Researchers from the Toyota Research Institute, Columbia University, and MIT have successfully trained robots to perform new tasks quickly using a technique called imitation learning combined with generative AI. They have made strides in expanding generative AI technology beyond text, images, and videos into the realm of robot movements.
Other companies, such as Covariant, have also utilized generative AI in their robotics projects. Covariant’s RFM-1 model is multimodal, capable of interpreting prompts in various forms such as text, images, videos, robot instructions, or measurements. This technology enables robots to understand instructions and generate corresponding images or videos.
One key factor in enhancing robot skills is the availability of data. While large AI models like GPT-4 benefit from vast amounts of internet data, robots require specific data collected for their use. Initiatives like the Open X-Embodiment Collaboration by Google DeepMind aim to address this issue by collecting data from various robots to enhance their learning capabilities.
Recent studies have shown that increased data leads to smarter robots. Researchers developed the RT-X model, available for local use or web access, which was pretrained with internet data to build a foundational visual understanding.
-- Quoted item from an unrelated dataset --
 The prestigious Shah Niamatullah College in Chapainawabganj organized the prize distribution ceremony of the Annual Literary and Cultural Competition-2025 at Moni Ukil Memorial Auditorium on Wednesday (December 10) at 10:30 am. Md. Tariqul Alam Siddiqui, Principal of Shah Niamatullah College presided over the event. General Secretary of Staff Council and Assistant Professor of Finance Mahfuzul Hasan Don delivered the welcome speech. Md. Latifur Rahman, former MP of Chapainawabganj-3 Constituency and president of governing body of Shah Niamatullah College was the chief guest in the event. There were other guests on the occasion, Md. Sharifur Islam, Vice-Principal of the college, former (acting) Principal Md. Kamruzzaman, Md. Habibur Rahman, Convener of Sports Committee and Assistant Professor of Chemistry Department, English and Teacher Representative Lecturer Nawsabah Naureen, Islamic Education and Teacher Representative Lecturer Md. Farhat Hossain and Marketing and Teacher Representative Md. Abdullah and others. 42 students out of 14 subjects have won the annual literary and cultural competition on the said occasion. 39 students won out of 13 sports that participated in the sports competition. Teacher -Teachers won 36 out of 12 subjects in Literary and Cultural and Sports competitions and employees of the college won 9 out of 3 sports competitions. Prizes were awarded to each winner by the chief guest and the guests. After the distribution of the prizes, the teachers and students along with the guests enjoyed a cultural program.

When tested on different robots, the RT-X model demonstrated a 50% increase in successful skill acquisition compared to individual lab-developed systems.
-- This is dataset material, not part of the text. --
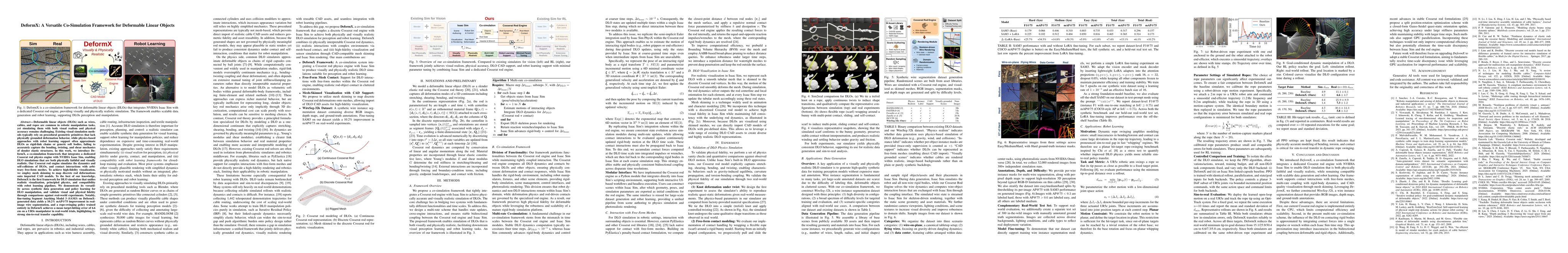 Simulating deformable linear objects (DLOs) such as wires, cables, and ropes with both visual realism and physical accuracy remains a significant challenge. We present DeformX, a co-simulation framework integrating a Cosserat rod physics engine with NVIDIA Isaac Sim. DeformX simulates dynamics, self-collisions, and interactions with free-form meshes, while using mesh skinning to map rod deformations to CAD models for high-fidelity visualization. It is the first framework combining realistic visualization, principled physics, and robot learning compatibility.

For further insights, check out the full story.
Deeper Learning
Generative AI has the potential to transform cherished memories into realistic photos that never existed.
Take Maria, for example, who grew up in Barcelona during the 1940s. Her childhood memories of her father are clear, including visiting him in a neighbor’s apartment overlooking a prison where he was held for political reasons. While no photo exists of Maria on that balcony, she can now experience a simulated memory-based reconstruction through generative AI.